JEE Main & Advanced Mathematics Relations Question Bank Mock Test - Relations and Functions

The range of following function is \[f(x)=\sqrt{(1-\cos x)\sqrt{(1-\cos x)\sqrt{(1-\cos x)\sqrt{...\infty }}}}\]

A) \[\left[ 0,\text{ }1 \right]\]

B) \[\left[ 0,\text{ }1/2 \right]\]

C) \[\left[ 0,\text{ }2 \right]\]

D) none of these

Correct Answer: C

Solution :

[c] Given

\[f(x)=\sqrt{(1-\cos x)(1-\cos x)\sqrt{(1-\cos x)\sqrt{...\infty }}}\]
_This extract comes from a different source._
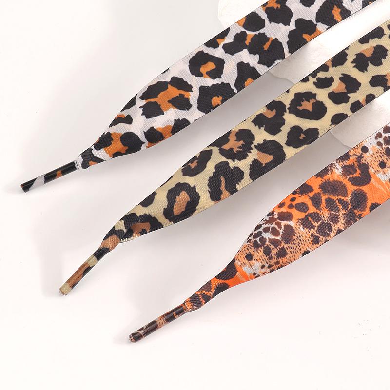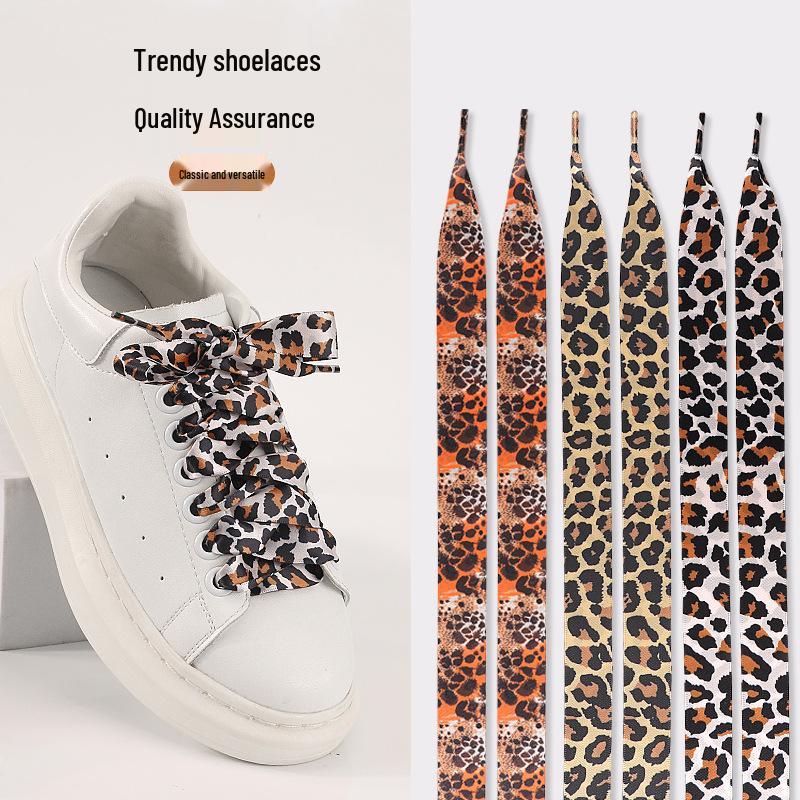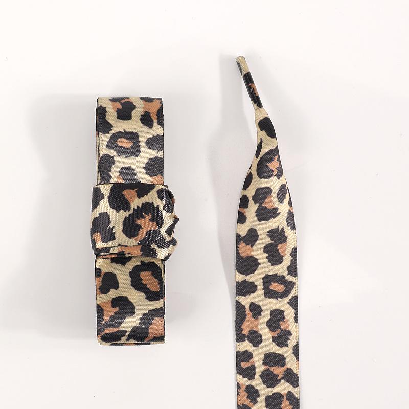 Персонализированные атласные шнурки с леопардовым принтом 2 см - Широкие плоские шнурки для белых кроссовок

\[={{(1-\cos x)}^{\frac{1}{2}}}{{(1-\cos x)}^{\frac{1}{4}}}{{(1-\cos x)}^{\frac{1}{8}}}...\infty \]

\[={{(1-\cos x)}^{\frac{1}{2}+\frac{1}{4}+\frac{1}{8}+...\infty }}\]

\[={{(1-\cos x)}^{\frac{1/2}{1-(1/2)}}}\]

\[=1-\cos x\]

Thus, the range of f(x) is [0, 2).